The XX Factor

Learning To Spot the Photoshop 

Examples of Photoshopped images collected by Dartmouth researcher Hany Farid.

When’s the last time you saw an un-Photoshopped picture of a celebrity? Maybe longer ago than you think. I’d never really looked at before-and-after Photoshopped images before, so my visit to the website created by Dartmouth researchers to demonstrate their new Photoshop-revealing tool was, well, revealing. Never again will I marvel at how good Kim Cattrall looks for her age—at least, not in a magazine spread. 

The Dartmouth students and their professor developed a tool and system (described on Mashable) to create a “Photoshop rating” for any given image, so that a heavily edited image would get a five, while something untouched would be a zero. Can you imagine a world in which every advertising image or magazine fashion shoot carried, in effect, a warning level, with a “five” standing for the concept “no one really looks like this?” 

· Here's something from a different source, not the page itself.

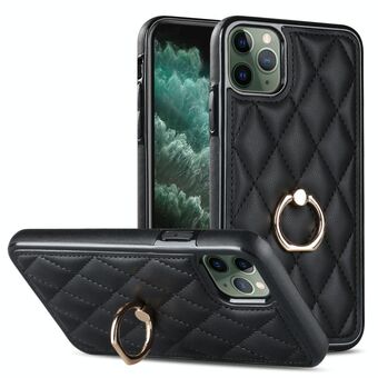 For iPhone 11 Pro Max Rhombic PU Leather Phone Case with Ring Holder(Black)

We’ll have to imagine it, because unfortunately you can’t just apply the tool to any image. Publishers and advertisers would have to agree to to put a rating system in place (or possibly, in Europe, have a ban imposed on them). But until that day, XOJane editor Emily McCombs offers 75 completely un-Photoshopped images of women’s bellies, sent in by readers to help change the idea that we should all meet some untouchable standard of what Margaret Wheeler Johnson at HuffPo calls “flat, blank abs.” Real world images of women. What is the Web coming to?